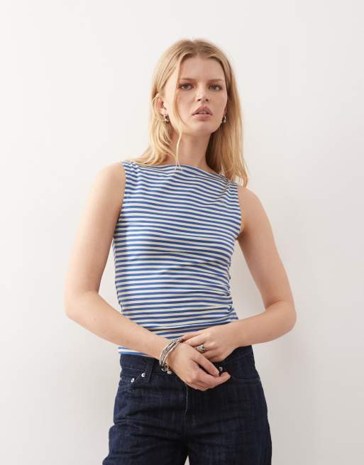 Weekday – Annie – Miękki top bez rękawów z dekoltem w łódkę w niebieskie i kremowożółte paski – tylko w ASOS
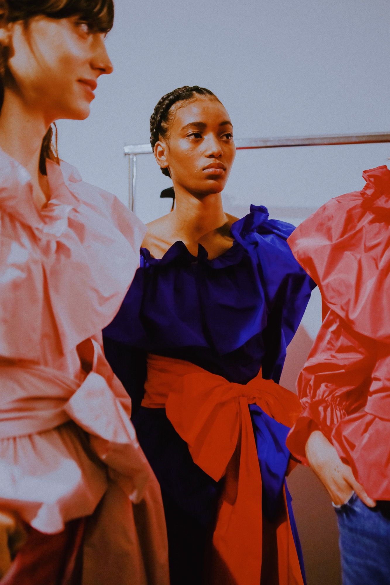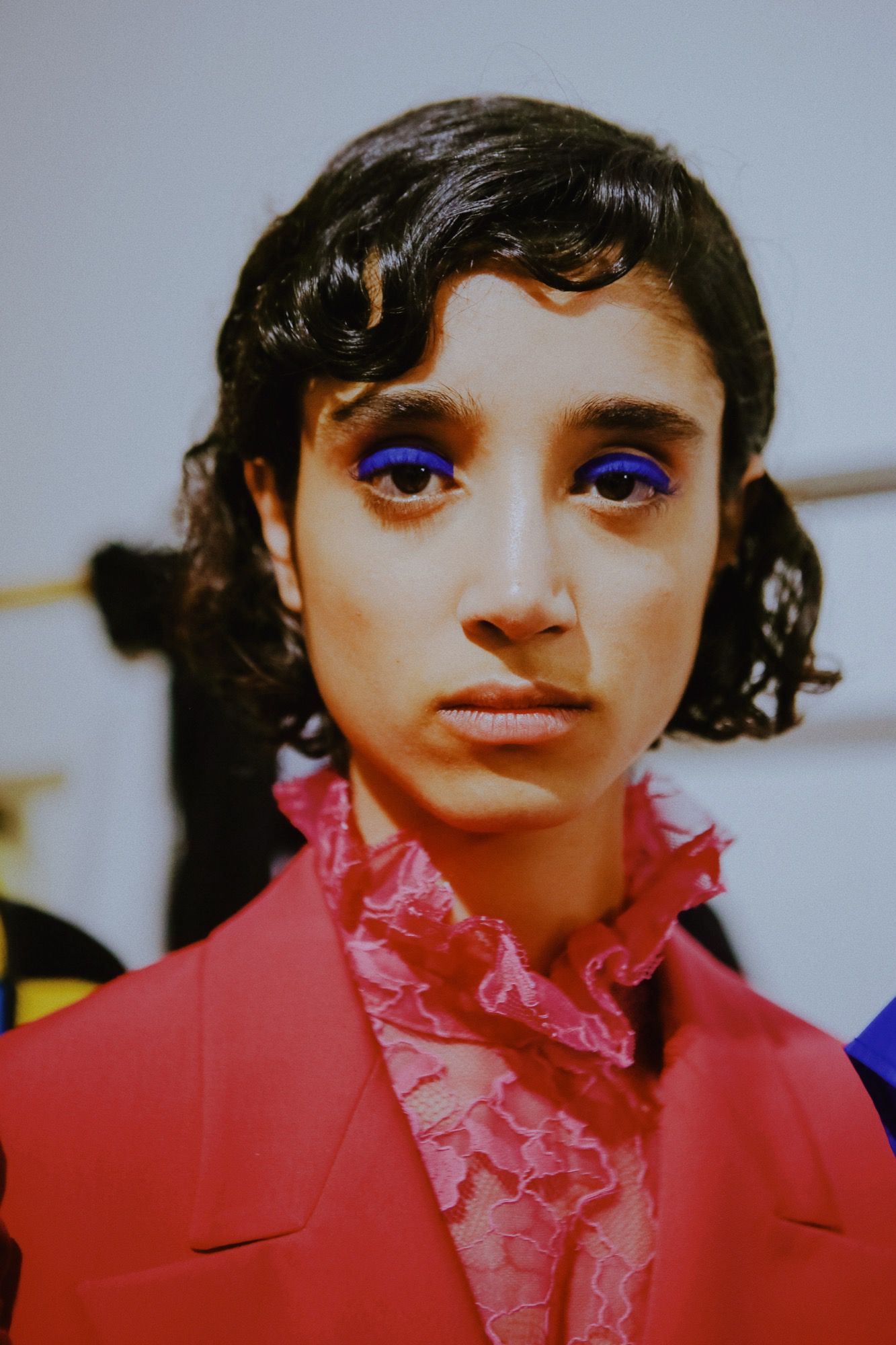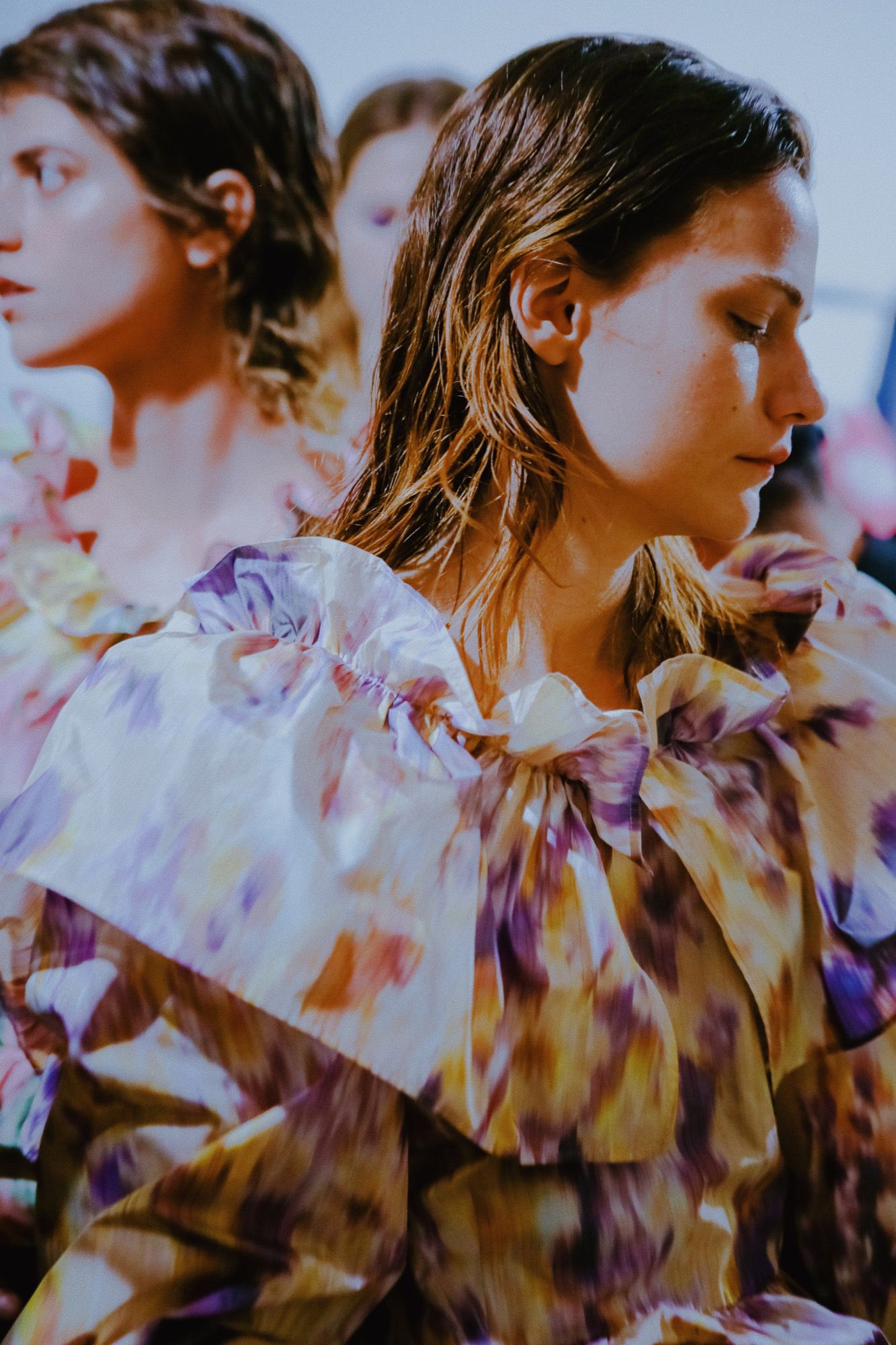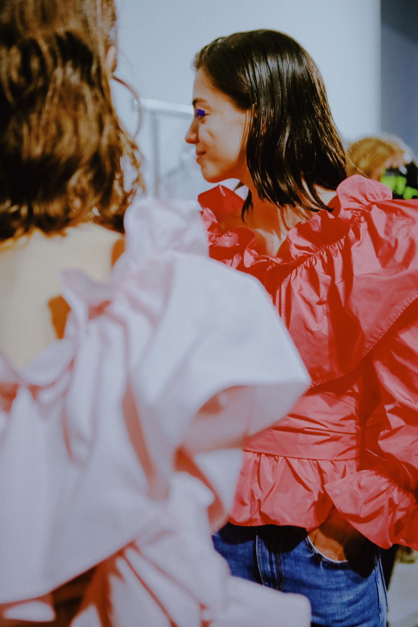 We were in the backstage at the MSGM fashion show, the one that celebrated 10 years of the brand founded by Massimo Giorgetti. The location is the Milan Triennale, one of the symbols of the art and design of the city, in which was presented looks in check, coats embellished with big bows. It's a woman very different from the concept of speed and pop symbols of the FW19 collection. Giorgetti experiments with fabrics, from denim to knitwear, with color palettes that return an artistic but at the same time playful spirit, thanks to experimentations with lace and Tye-Die.
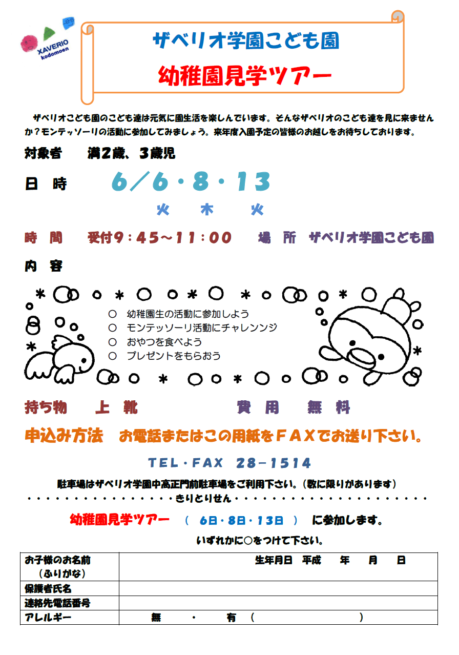 幼稚園見学ツアーのご案内
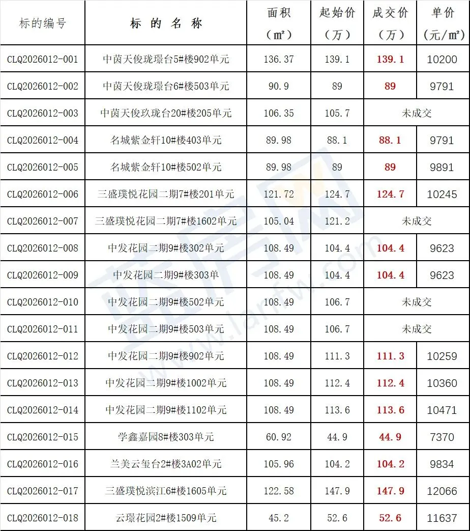 最终,其中14套房源成功以底价拍出,成交单价约7千到1.2万/平不等。

» EXERCISE DIRECTIONS: Your copy should hold all the data word for word. It should hold no pictures.

» RESULT OF THIS EXERCISE:
 Weekday – Annie – Miękki top bez rękawów z dekoltem w łódkę w niebieskie i kremowożółte paski – tylko w ASOS
 We were in the backstage at the MSGM fashion show, the one that celebrated 10 years of the brand founded by Massimo Giorgetti. The location is the Milan Triennale, one of the symbols of the art and design of the city, in which was presented looks in check, coats embellished with big bows. It's a woman very different from the concept of speed and pop symbols of the FW19 collection. Giorgetti experiments with fabrics, from denim to knitwear, with color palettes that return an artistic but at the same time playful spirit, thanks to experimentations with lace and Tye-Die.
 幼稚園見学ツアーのご案内
 最终,其中14套房源成功以底价拍出,成交单价约7千到1.2万/平不等。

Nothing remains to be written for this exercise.